**PROVIDED DATA:**
■ ■ ■ ■
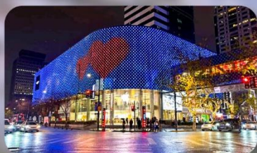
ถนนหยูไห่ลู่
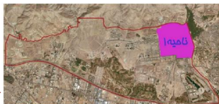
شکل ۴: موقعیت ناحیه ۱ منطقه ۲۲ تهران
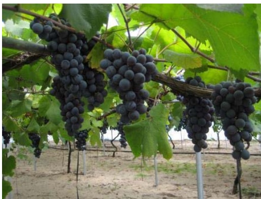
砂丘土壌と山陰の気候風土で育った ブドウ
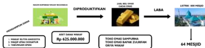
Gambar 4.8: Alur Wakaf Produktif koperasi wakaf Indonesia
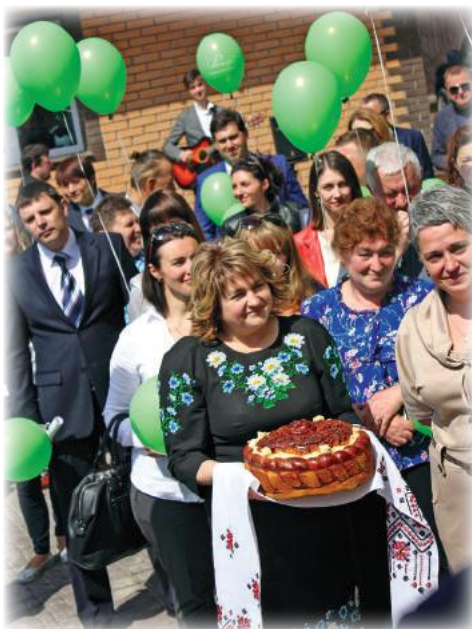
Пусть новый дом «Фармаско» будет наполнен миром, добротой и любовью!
■ ■ ■ ■
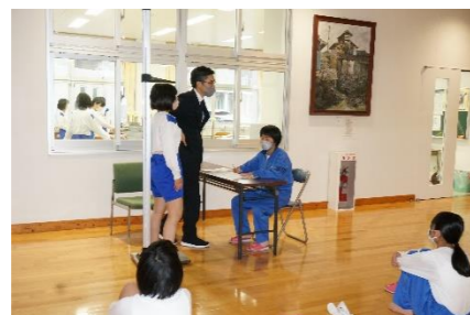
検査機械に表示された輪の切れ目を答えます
■ ■ ■ ■
**REQUIREMENT:** Take the entries above and copy exactly the lines starting at the one with "شکل ۴: موقعیت ناحیه ۱ منطقه ۲۲ تهران" and ending at the one with "Пусть новый дом"; nothing outside that span, and no pictures.

**TASK RESULT:**
شکل ۴: موقعیت ناحیه ۱ منطقه ۲۲ تهران
砂丘土壌と山陰の気候風土で育った ブドウ
Gambar 4.8: Alur Wakaf Produktif koperasi wakaf Indonesia
Пусть новый дом «Фармаско» будет наполнен миром, добротой и любовью!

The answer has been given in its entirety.